Les contributions déterminées au niveau national (NDC) constituent le cœur opérationnel, déposées par des États comme la Chine, les États-Unis d'Amérique, l'Inde, le Brésil et l'Union européenne; elles sont évaluées via un cadre de transparence renforcé comparable aux procédures suivies par la Cour des comptes européenne et les audits nationaux. Le mécanisme de bilan mondial quinquennal s'appuie sur des données scientifiques produites par le GIEC et des plateformes telles que la Base de données des NDC de la CCNUCC; des parties prenantes non étatiques comme le Réseau des maires pour le climat et l'énergie participent à la mise en œuvre subnationale.

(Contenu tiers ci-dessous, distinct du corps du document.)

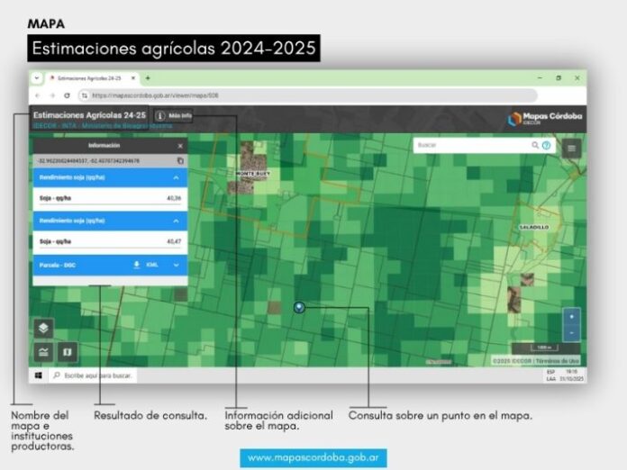 La provincia de Córdoba ha hecho público el nuevo mapa de Estimaciones Agrícolas 24-25, una herramienta fundamental que detalla la distribución espacial de los rendimientos de soja y maíz en las 7.970.000 hectáreas cultivables del territorio. Esta es la quinta edición de un recurso clave para la actividad agrícola, fruto de un programa sostenido desde 2020 que enfatiza la innovación tecnológica y la articulación interinstitucional.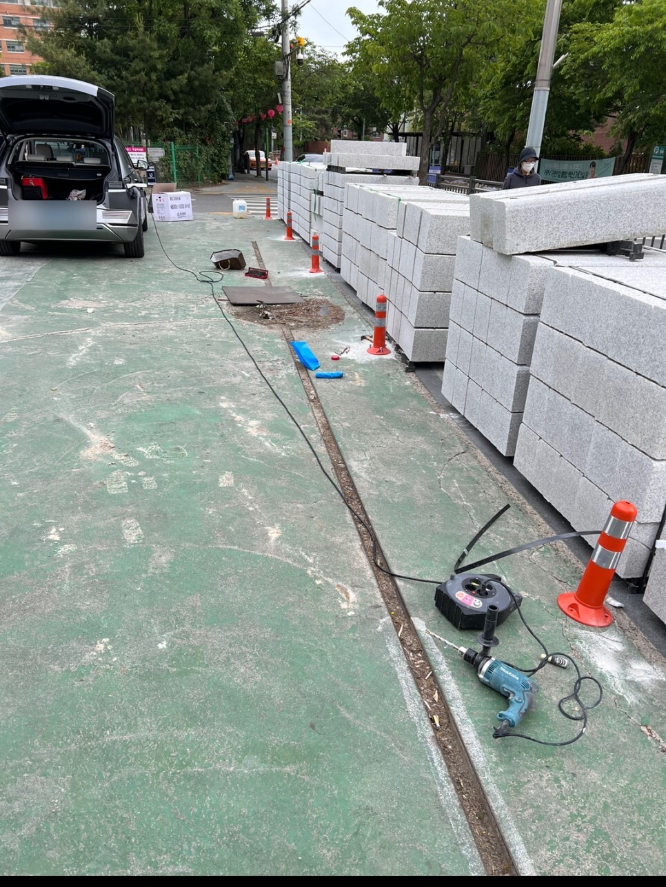 어떻게 알았냐면 주차장 앞에 보도블록 공사를 하고 있었는데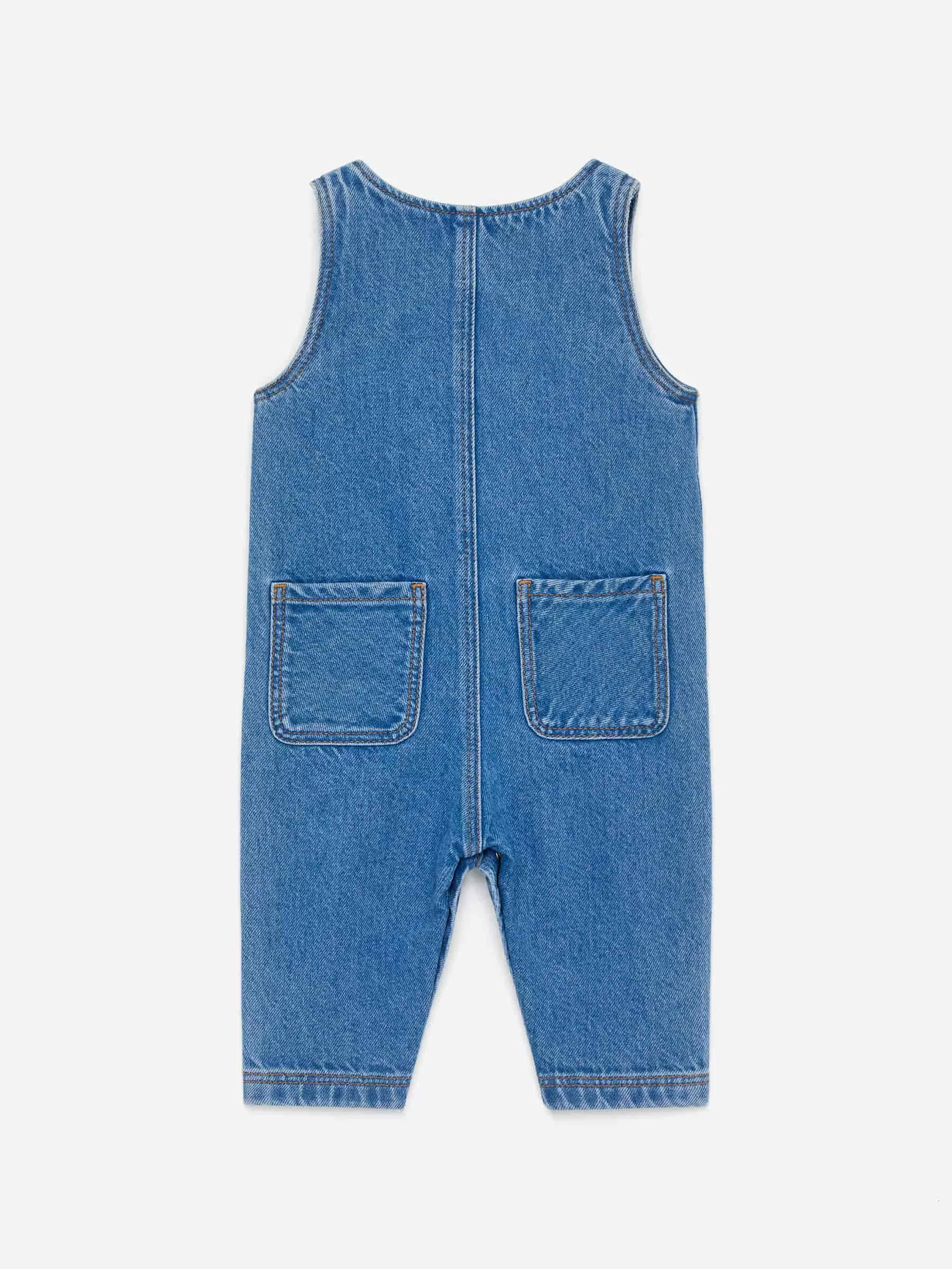Mono sin mangas confeccionado en sarga vaquera confeccionada en algodón. Botones a presión en la parte delantera y en la entrepierna para todas las tallas excepto la 86-92. Bolsillos traseros.
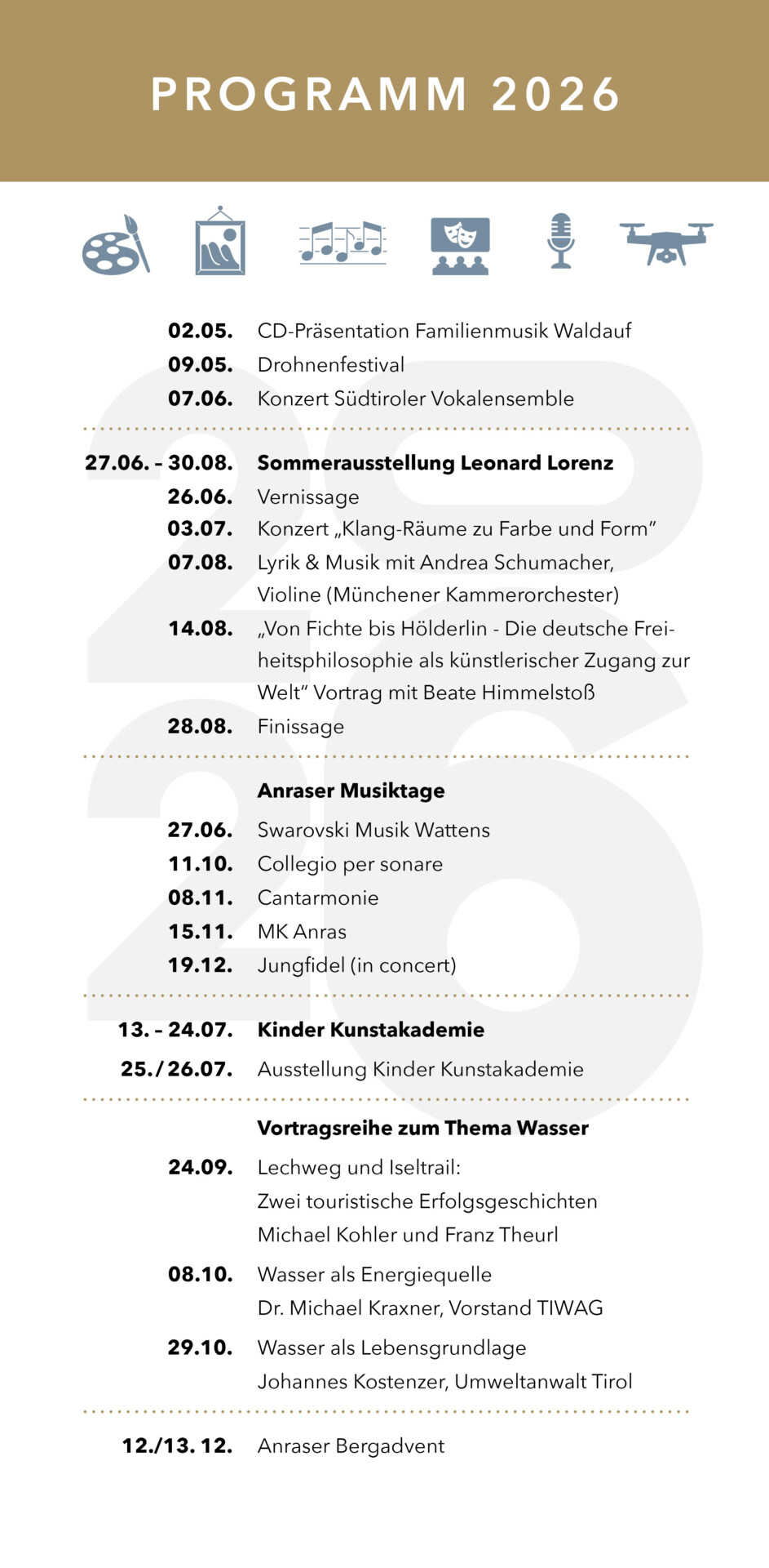 Die große Herausforderung von KULTUR AUS DEM PFLEGHAUS ist es, nach der gelungenen Renovierung des Anraser Pfleghauses dessen historische Räume mit Leben zu füllen, sie adäquat auszustatten und ein Programm zu entwickeln und zu finanzieren. Das Pfleghaus soll ein Ort der Begegnung werden, an dem sich die Menschen über Grenzen hinweg treffen und austauschen. Das Nutzungskonzept sieht drei Schwerpunkte vor: Museale Ausstellungen in den Sommermonaten, kulturelle Veranstaltungen sowie Veranstaltungen von öffentlichem Interesse.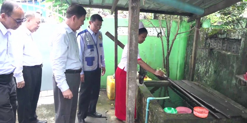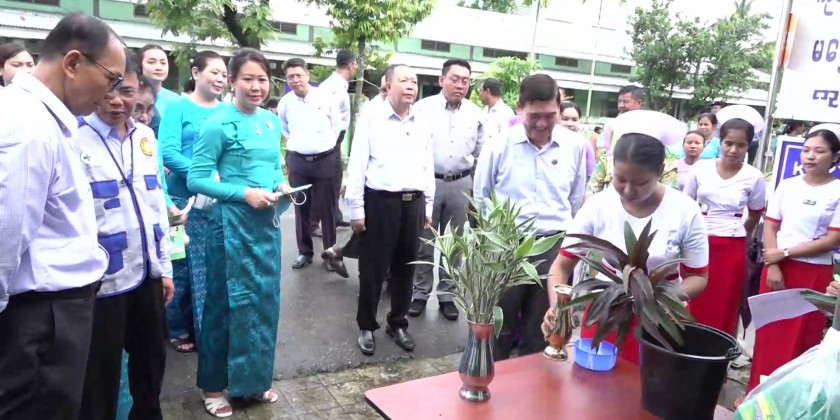 Then, the Chief Minister and party arrived at No.5 Basic Education High School and inspected collective cleaning work for better flow of water and preventative measures for dengue fever by health care workers at the school and in the ward.

L'Accord est entré en vigueur conformément aux procédures de la CCNUCC après dépôt d'instruments de ratification par un nombre suffisant d'États, avec des événements marquants impliquant la République française, les États-Unis d'Amérique (et des décisions ultérieures du Président des États-Unis), la Chine et le Canada. Des instruments juridiques connexes et décisions d'appui ont été adoptés lors de sessions ultérieures de la COP, impliquant des textes préparés par des délégations nationales, des cabinets ministériels et des experts issus d'institutions comme l'Université d'Oxford, l'Université Harvard, la London School of Economics et l'Institut Max-Planck.
L'Accord a suscité des réactions divergentes: des ONG environnementales telles que Greenpeace International et 350.org ont salué son universalité tandis que des groupes industriels, des think tanks comme le Cato Institute et des partis politiques au sein du Congrès des États-Unis ont critiqué son efficience économique et son caractère contraignant. Les débats portent sur l'ambition insuffisante des NDC, la transparence des flux financiers, les mécanismes de marché et la responsabilité pour les pertes et dommages invoqués par des États insulaires comme Tuvalu et Kiribati et par des pays vulnérables tels que le Bangladesh et Haïti. Des tribunaux nationaux et des actions stratégiques menées par des ONG ont fait référence à l'Accord dans des affaires devant des juridictions comme la Cour suprême de l'Inde et des tribunaux administratifs européens.
Des exemples d'application incluent des stratégies nationales de décarbonation adoptées par l'Union européenne via le Pacte vert pour l'Europe, des plans de transition énergétique en Allemagne et en Norvège, les programmes d'efficacité énergétique aux États-Unis d'Amérique et au Canada, ainsi que des initiatives de reforestation au Brésil et en Indonésie. Des coalitions régionales comme l'Alliance solaire internationale et des villes membres du C40 Cities montrent la mise en œuvre subnationale, tandis que des entreprises listées à la Bourse de New York et à la Bourse de Londres adoptent des stratégies alignées sur l'Accord.